Work-in-Progress: AI Based Resource and Power Allocation for NOMA Systems

Karakus E. K., Gemici O. F., Hokelek I., Çırpan H. A.

2023 IEEE International Black Sea Conference on Communications and Networking, BlackSeaCom 2023, İstanbul, Turkey, 4 - 07 July 2023, pp.402-407 identifier

  • Publication Type: Conference Paper / Full Text
  • Doi Number: 10.1109/blackseacom58138.2023.10299756
  • City: İstanbul
  • Country: Turkey
  • Page Numbers: pp.402-407
  • Keywords: Genetic Algorithm, Hill Climbing, power optimization, resource allocation, Simulated Annealing
  • Istanbul Technical University Affiliated: Yes


Non-orthogonal multiple access (NOMA) is a promising technology to meet the challenging requirements of 5G services by providing spectral efficient resource utilization.
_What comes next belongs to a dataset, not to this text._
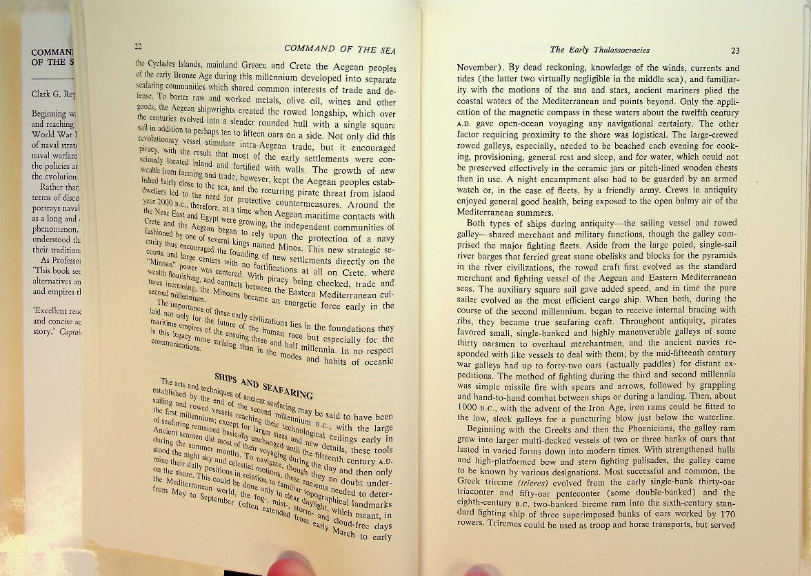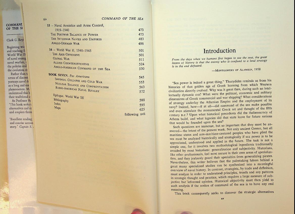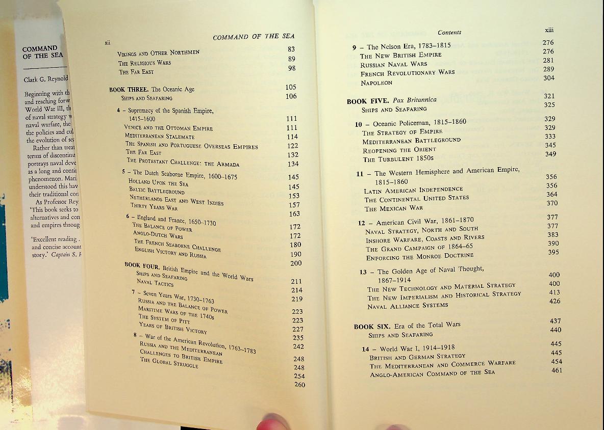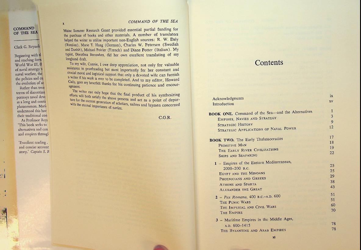 Reynolds, Clark G: 1974 London, hardcover with dust jacket, 642 pages. Wide-ranging study of how sea power, naval strategy, and maritime empires have shaped global politics and economics from the earliest seafaring civilizations up to the modern era. Reynolds combines strategic analysis with narrative history to explain how control of sea lanes, naval technology, and maritime commerce repeatedly determined the rise and decline of great powers. ISBN 9780898746280 In very good condition

As the number of IoT devices increases significantly, NOMA becomes more important to support the massive machine type communication (mMTC) service, where, a huge amount of devices is simultaneously connected to the network. In this paper, we develop three different artificial intelligence (AI) based resource and power allocation algorithms, namely Genetic Algorithm (GA), Simulated Annealing (SA), and Hill Climbing (HC), for downlink NOMA systems. In the proposed approach, one of the AI algorithms is used to determine the NOMA user groups along with the frequency resource block for each group. Then, the optimum power allocation is performed to maximize the geometric mean of the user throughputs. The simulation experiments are performed to compare and contrast the performance of these three AI algorithms. The numerical results demonstrate that the GA provides the best results while the HC performs the worst.